Search code examples
mysqldjangounicodeloaddata

Django loaddata fails for unicode


Here's the model:

class ListItem(models.Model):
   # id -- PK
   dateCreated = models.DateTimeField(auto_now_add=True)
   dateModified = models.DateTimeField(auto_now_add=True)
   listId = models.IntegerField(null=False)  # required FK => List
   itemId = models.CharField(max_length=8, null=False)
   description = models.CharField(max_length=1024)
   notes = models.CharField(max_length=2048)

   class Meta:
      ordering = ('itemId',)

And here is the offending item from the fixture file (json):

    {
    "model": "myproject.ListItem",
    "pk": 721,
    "fields": {
        "listId": 26,
        "itemId": "A3",
        "description": "Statystyka Książek Papierowych, Mówionych I Elektronicznych",
        "notes": "Polish Statistical Book and E-book Classification",
        "dateCreated": "2018-05-14 22:05:25",
        "dateModified": "2018-05-14 22:05:25"
    }
}, ...

and here is the command I used to try to load the data:

python3 manage.py loaddata listItems.json

which resulted in the following error(s):

django.db.utils.OperationalError: Problem installing fixture \
'/Users/sloughin/dev/myproject/fixtures/listItems.json': \
Could not load myproject.ListItem(pk=721): \
(1366, "Incorrect string value: '\\xC4\\x85\\xC5\\xBCek...' \
for column 'description' at row 1")

should I be using some flag in the model to indicate that I expect this field to contain unicode data?

This is running against a MySQL database on Ubuntu 16.04, and I'm running python 3.6.2 on an iMac (OSX 10.13.5). All my other loaddata operations worked fine.


Solution

  • Ok, I think I figured this out. The MySQL database VARCHAR fields default to utf8, which support most (but not all) unicode characters. This is why some records were ok and others were not. You have to use utf8mb4 rather than utf8. This increases the width of the database fields since they now use 4 bytes per character rather than 3, (so for some DBMS you might also need to enlarge the width of the fields in your model by a factor of 4/3) though I'm told MySQL fields are specified in characters, not bytes.
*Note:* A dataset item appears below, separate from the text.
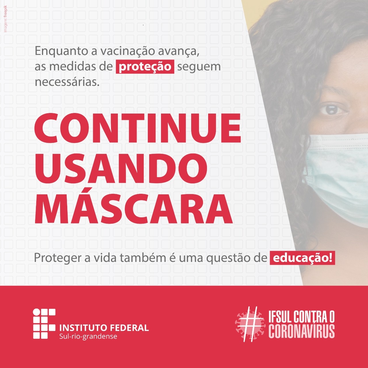 - Se estiver com sintomas gripais, não venha ao campus e avise o COE-E pelo e-mail vg-comitecovid@ifsul.edu.br

    However, we will need to have a new migration file to work with, so I'm going to change one of the fields to be one char longer.

    class ListItem(models.Model):
          # id -- PK
          dateCreated = models.DateTimeField(auto_now_add=True)
          dateModified = models.DateTimeField(auto_now_add=True)
          listId = models.IntegerField(null=False)  # required FK => List
          itemId = models.CharField(max_length=8, null=False)
          description = models.CharField(max_length=1025)  # was 1024
          notes = models.CharField(max_length=2048)  
    

    I reran python3 manage.py makemigrations

    Next, I went to the migrations folder and edited the new migration file (mine was called 002_auto_20180619_1849.py) which contains class Migrations: where the operations are defined. You will see the AlterField operations from making the field wider, but after that you can append additional SQL operations like this:

    migrations.AlterField(...),
    migrations.RunSQL(
        'alter table myproject_listitem CONVERT TO CHARACTER SET 
         utf8mb4 COLLATE utf8mb4_unicode_ci;'),
    migrations.RunSQL(
        'alter table myproject_listitem CONVERT TO CHARACTER SET 
         utf8mb4 COLLATE utf8mb4_unicode_ci;'),
    migrations.RunSQL(
        'alter table myproject_listitem change description description 
         VARCHAR(1366) CHARACTER SET utf8mb4 COLLATE utf8mb4_unicode_ci;'),
    migrations.RunSQL(
        'alter table myproject_listitem change notes notes 
         VARCHAR(2731) CHARACTER SET utf8mb4 COLLATE utf8mb4_unicode_ci;'),
    

    Here, I've split each SQL statement into two lines, so you can read it. If you have direct access to the database you could also do this in a mysql session, but I wanted to know how to do it as part of the migration.

    BEFORE you run this migration, check to be sure you have sqlparse installed. If not, then pip3 install sqlparse or include it in your virtual environment or docker container as a requirement. Then:

    python3 manage.py migrate
    Operations to perform:
      Apply all migrations: admin, auth, contenttypes, myproject, sessions
    Running migrations:
      Applying myproject.0002_auto_20180619_1849... OK
    

    After that, I was able to run python3 manage.py loaddata listItems.json and everything worked fine!